Using specimens from pretreatment transurethral resection of bladder tumors, the researchers generated transcriptome-wide gene expression profiles for two cohorts:

  1. The TMT cohort: 136 MIBC patients treated with TMT (median follow-up five years)
  2. The NAC/RC cohort: 223 MIBC patients treated with neoadjuvant chemotherapy and radical cystectomy (median follow-up 3.5 years)

Gene Expression Subtypes

The researchers classified the TMT cohort into four gene expression subtypes:

  1. Basal (n=54)
  2. Luminal (n=40)
  3. Luminal-infiltrated (n=26)
  4. Claudin-low (n=16)

Molecular subtype did not significantly affect the rate of complete response, disease-specific survival (DSS) or overall survival (OS) after TMT. In contrast, in the NAC/RC cohort, DSS and OS were worse among patients with claudin-low tumors.

Immune Infiltration

The researchers stratified patients according to quartiles of a T-cell–inflamed gene expression signature that correlates with killer T-cell infiltration in bladder tumors. Compared with patients in the lowest quartile, patients whose tumors exhibited higher levels of immune infiltration had significantly improved DSS, although not OS. This association remained significant in a multivariable model that included clinical prognostic factors such as age, gender and clinical stage.
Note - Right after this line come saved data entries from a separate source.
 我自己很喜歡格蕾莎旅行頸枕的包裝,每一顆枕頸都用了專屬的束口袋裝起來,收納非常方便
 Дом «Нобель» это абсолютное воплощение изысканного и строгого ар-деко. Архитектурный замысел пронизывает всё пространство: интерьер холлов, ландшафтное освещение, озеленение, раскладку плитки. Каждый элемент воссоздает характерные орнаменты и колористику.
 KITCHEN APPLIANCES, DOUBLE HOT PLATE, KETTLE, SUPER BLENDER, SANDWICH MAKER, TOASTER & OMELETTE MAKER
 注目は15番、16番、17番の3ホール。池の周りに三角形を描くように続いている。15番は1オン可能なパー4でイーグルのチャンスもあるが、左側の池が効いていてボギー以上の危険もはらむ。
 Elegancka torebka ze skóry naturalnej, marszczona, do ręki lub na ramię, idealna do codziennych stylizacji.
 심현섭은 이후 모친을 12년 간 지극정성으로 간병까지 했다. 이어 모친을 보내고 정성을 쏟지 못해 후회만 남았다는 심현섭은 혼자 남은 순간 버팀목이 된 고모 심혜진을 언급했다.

In the NAC/RC cohort, there was no significant association between immune score and survival.

For interferon (IFN) signaling, which drives immune activation in tumor cells, the results were similar to the T-cell–inflamed signature. Patients in the TMT cohort with higher IFN-gamma signature scores had significantly improved DSS, but not improved OS. A higher IFN-gamma score remained significantly associated with improved DSS in a multivariable model including clinical factors.
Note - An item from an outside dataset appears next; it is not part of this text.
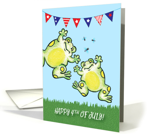 | Artist Notes: | Give this fun card to friends and family for the 4th of July. The cover features my two happy frogs jumping, three flies, a light blue sky, a patriotic bunting, and a white headline on green grass. The inside message may be changed, if you wish. ©Gail Pepin |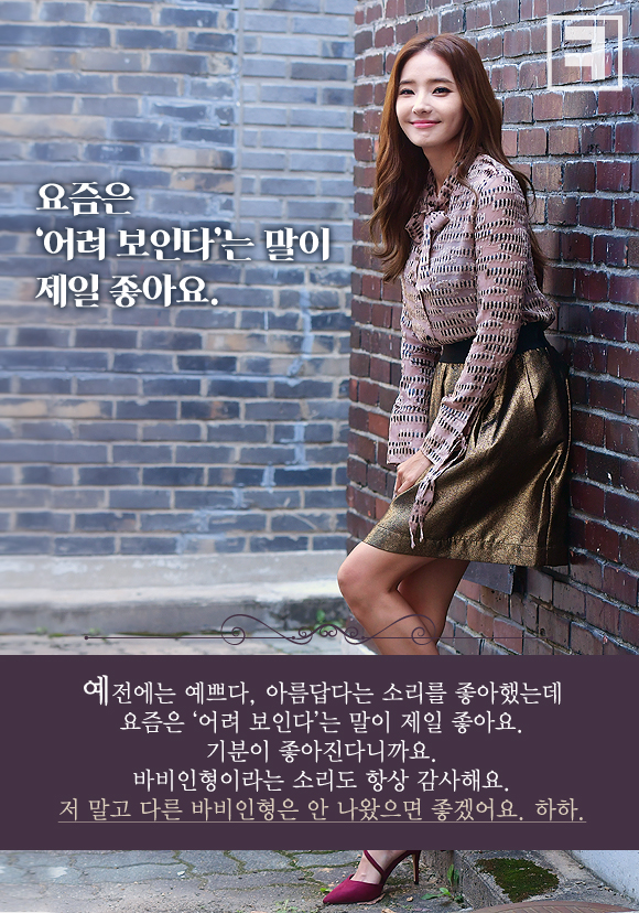 “예전에는 예쁘다, 아름답다는 소리를 좋아했는데 요즘은 ‘어려 보인다’는 말이 제일 좋아요. 기분이 좋아진다니까요. 바비인형이라는 소리도 항상 감사해요. 저 말고 다른 바비인형은 안 나왔으면 좋겠어요. 하하.”

In the NAC/RC cohort, there was no association between IFN-gamma score and survival.

Stromal Infiltration

The researchers defined a stromal infiltration signature based on nine genes typically expressed in fibroblasts or myofibroblasts. In both the TMT and NAC/RC cohorts, stromal signature scores were highest in the luminal-infiltrated subgroup and lowest in the luminal subgroup.
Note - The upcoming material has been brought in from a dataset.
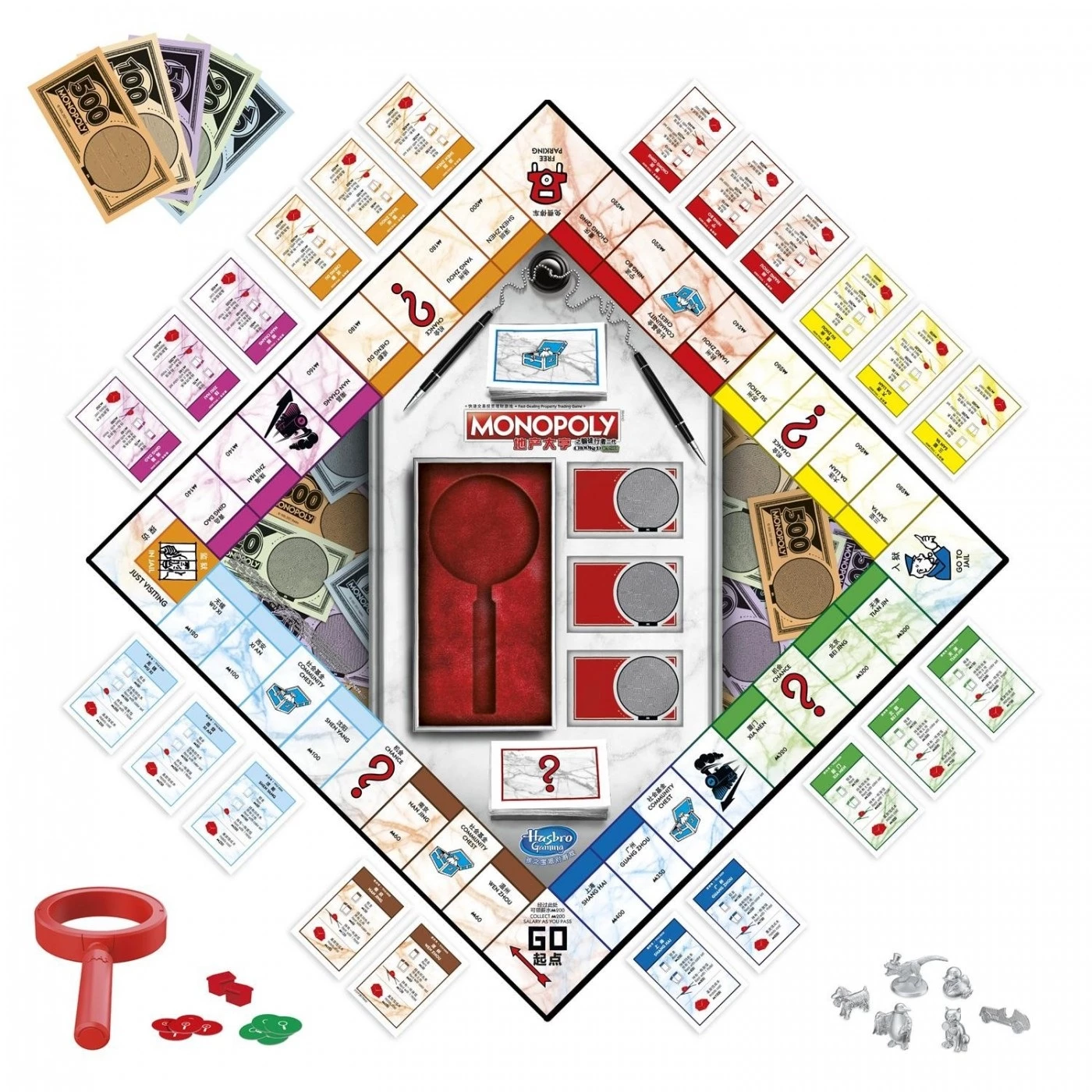 Περιλαμβάνει ταμπλό παιχνιδιού, πλαστικό αποκωδικοποιητή, 6 πιόνια, 22 κάρτες Τίτλων Ιδιοκτησίας, 24 κάρτες Εντολής, 14 κάρτες Απόφασης, 12 μάρκες αποκωδικοποιητή από χαρτόνι, 12 ξενοδοχεία, 2 ζάρια, δεσμίδα χαρτονομισμάτων και οδηγίες παιχνιδιού.

Both cohorts were then divided into quartiles of stromal infiltration signature. In the TMT cohort, there was no association between stromal infiltration and DSS or OS. However, in the NAC/RC cohort, patients in the top three quartiles had significantly worse DSS and OS than those in the lowest quartile. Radiation delivered as part of TMT could counter the treatment-resistant phenotype associated with stromal infiltration.

There were substantial differences in clinical characteristics within and between the TMT and NAC/RC cohorts.

Before gene profiling can be used to select candidates for TMT, these findings need to be validated in prospective trials.